Интимные свидания Тизенгауза с Мариной, по ее же словам, вырвавшимся в порыве откровенности, всегда имели место в его квартире, на улице Бутлерова, причем только по вечерам, с девятнадцати и до двадцати трех часов, после чего Андрей Святославович крепко засыпал, а Марина в кромешной тьме шла к метро "Академическая" и через весь город час с лишним добиралась к себе домой, в Веселый поселок. Но самое непостижимое для Лены заключалось в том, что все это происходило ровно пять раз в месяц. Не четыре, шесть или, допустим, десять, а почему-то именно пять, словно прием микстуры по предписанию врача. Это что, по-человечески?
- Тебе меня не понять, сытый голодного не разумеет, - помолчав, сказала Марина. - У тебя есть все, что душе угодно, а я... - Ее голос сломался.
- Маришка, не огорчайся. - Лена прикрыла ладонью руку подруги.
- Нет-нет, зайка, я в порядке... - Марина тряхнула головой, отбрасывая упавшую на глаза прядку крашенных хной волос. - Нужно лет пять прожить без мужика, чтобы оценить, как дивно проснуться не одной, приготовить ему завтрак, прижавшись, стоять рядом с ним в тесноте переполненного метро... - На ее глаза набежали слезы.

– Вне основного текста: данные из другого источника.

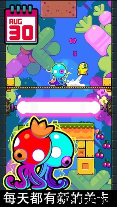 闰日(leap day)是一款非常有趣的像素风格休闲闯关游戏。游戏画面色彩丰富,音乐轻快动感,让玩家仿佛回到了小时候玩红白机的时代。游戏的玩法简单易懂,但又不失挑战性,玩家需要灵活控制角色的跳跃和移动,躲避陷阱和敌人,收集水果以提高分数。游戏每天更新一个关卡,保持了游戏的新鲜感和可玩性。同时,游戏还支持社交分享功能,让玩家可以与朋友分享自己的游戏成绩和成就。总的来说,闰日(leap day)是一款值得一试的休闲闯关游戏。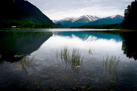 멀리에 있는 물의 표면에는 주변 환경이

- Мариша, а почему Андрей Святославович не ездит на работу в своих "жигулях"?
- Не умеет.
- У него что, нет водительских прав?
- Права есть, но зимой он вообще не ездит, а летом - исключительно за город.
- Странно. Неужели экономит на бензине?
- Ничего странного. В центре большое движение, а Андрей Святославович плохо знает город, теряется, может попасть в катастрофу, - взяла его под защиту Марина. - Что ты хочешь, он же впервые сел за руль в пятьдесят лет. И машину купил только для того, чтобы было на чем добираться в глухомань. В июне-июле за черникой, в августе за грибами и брусникой, а в сентябре-октябре, ближе к заморозкам, за клюквой. Мало кто так любит и знает природу средней полосы, как Андрей Святославович. Он на Черном море отродясь не был, даже не представляет, как загорают на пляже.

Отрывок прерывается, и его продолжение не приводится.